Segment Start: Input material
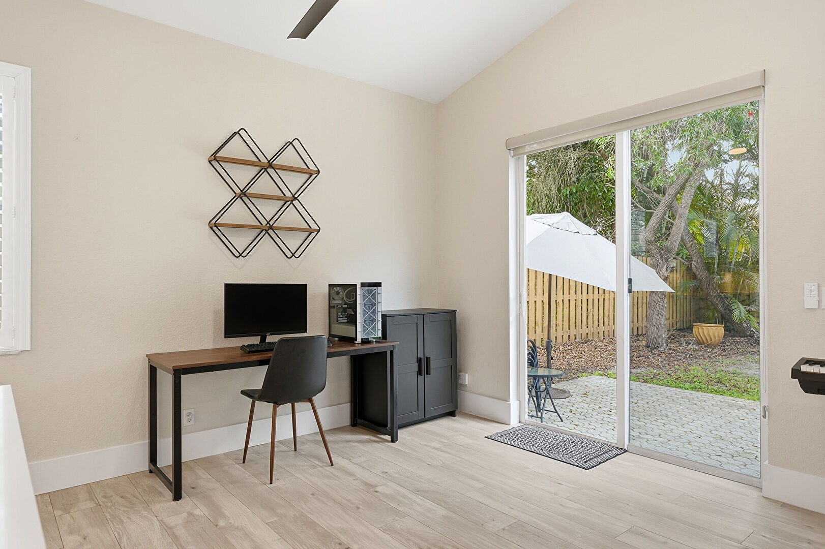 Arched Walkways, Baseboards Wall, Ceiling Fan, Drywall, Ensuite Bathroom, Natural Light, Office Area, Vaulted Ceiling, Vent, Wood Finish Floor, Ceiling Fan, Closet, Natural Light, Vaulted Ceiling
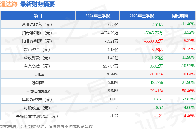 据证券之星公开数据整理,近期通达海(301378)发布2025年三季报。截至本报告期末,公司营业总收入2.51亿元,同比下降11.4%,归母净利润-5045.76万元,同比下降3.52%。按单季度数据看,第三季度营业总收入9790.2万元,同比下降5.26%,第三季度归母净利润-643.01万元,同比上升46.96%。本报告期通达海三费占比上升明显,财务费用、销售费用和管理费用总和占总营收同比增幅达50.46%。
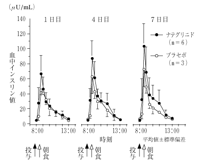 2型糖尿病患者(23例)を対象に、本剤1回90mg(120mgに増量可能)を1日3回毎食直前52週間経口投与した結果、効果の持続が確認され、安定した血糖コントロールが得られた。副作用の発現は認められなかった9)。
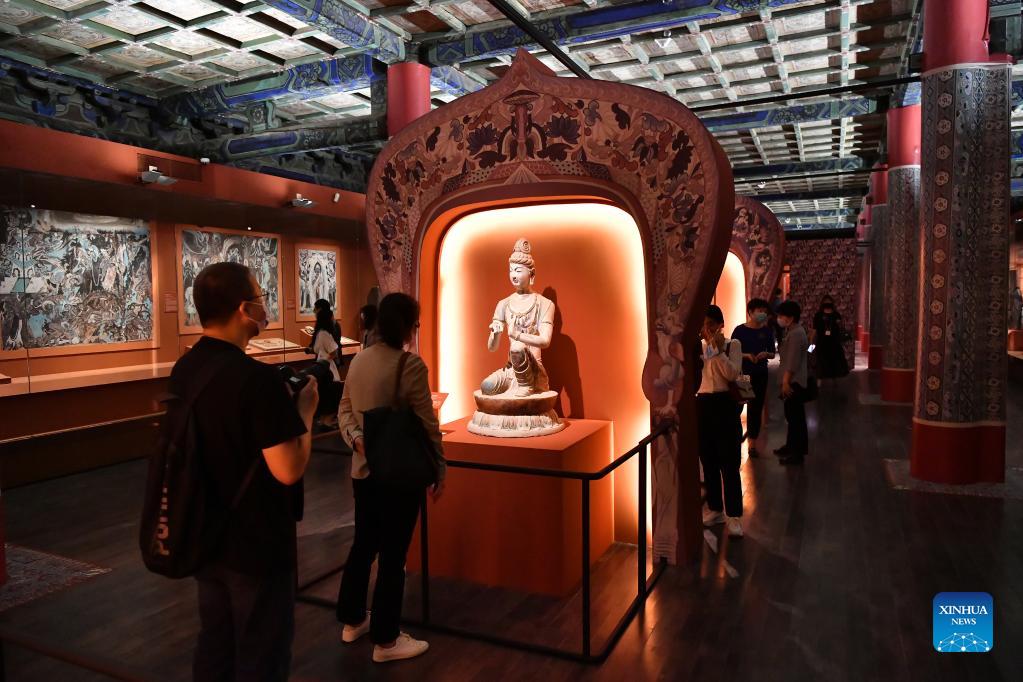 People visit an exhibition themed on Dunhuang culture at the Palace Museum, also known as the Forbidden City, in Beijing, capital of China, Sept. 17, 2021. (Xinhua/Li Xin)
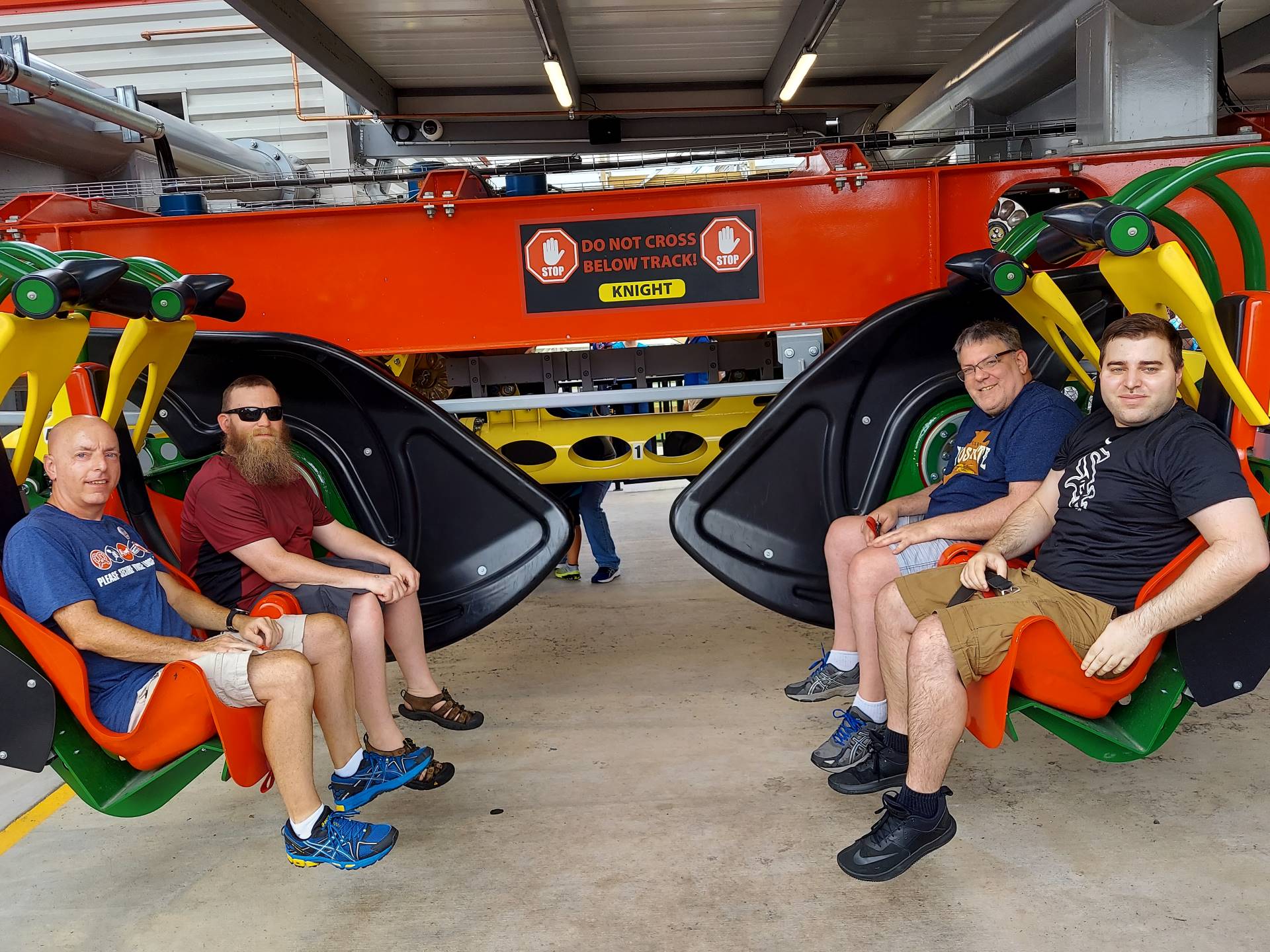 On Saturday, July 24, ACE North Central gathered at Adventureland Park. The day was filled with fun activities that proved that ACEers truly bond over the love of roller coasters. The first activity was a group photo and an informal ride takeover of the new-for-2021 Dragon Slayer. This ride surprised many of the attendees. Many of them had ridden a 4-D Free Spin before, but not many of them had ridden this smaller model. With its mild versus wild side, the informal takeover helped fuel many discussions. “Does the placement of the magnetic fins really determine the intensity?” “Does the smaller model give a better ride than its larger counterparts?” These and many more questions were asked by ACEers. Of course, since the answer was not always clear, the ACEers in attendance rode again and again.
Segment End: Input material
◆ What is expected ◆
Could you repeat, exactly, only the lines above starting at the one that has "2型糖尿病患者(23例)を対" and stopping after the one that has "People visit an", without the pictures?

◆ Your response ◆
 2型糖尿病患者(23例)を対象に、本剤1回90mg(120mgに増量可能)を1日3回毎食直前52週間経口投与した結果、効果の持続が確認され、安定した血糖コントロールが得られた。副作用の発現は認められなかった9)。
 People visit an exhibition themed on Dunhuang culture at the Palace Museum, also known as the Forbidden City, in Beijing, capital of China, Sept. 17, 2021. (Xinhua/Li Xin)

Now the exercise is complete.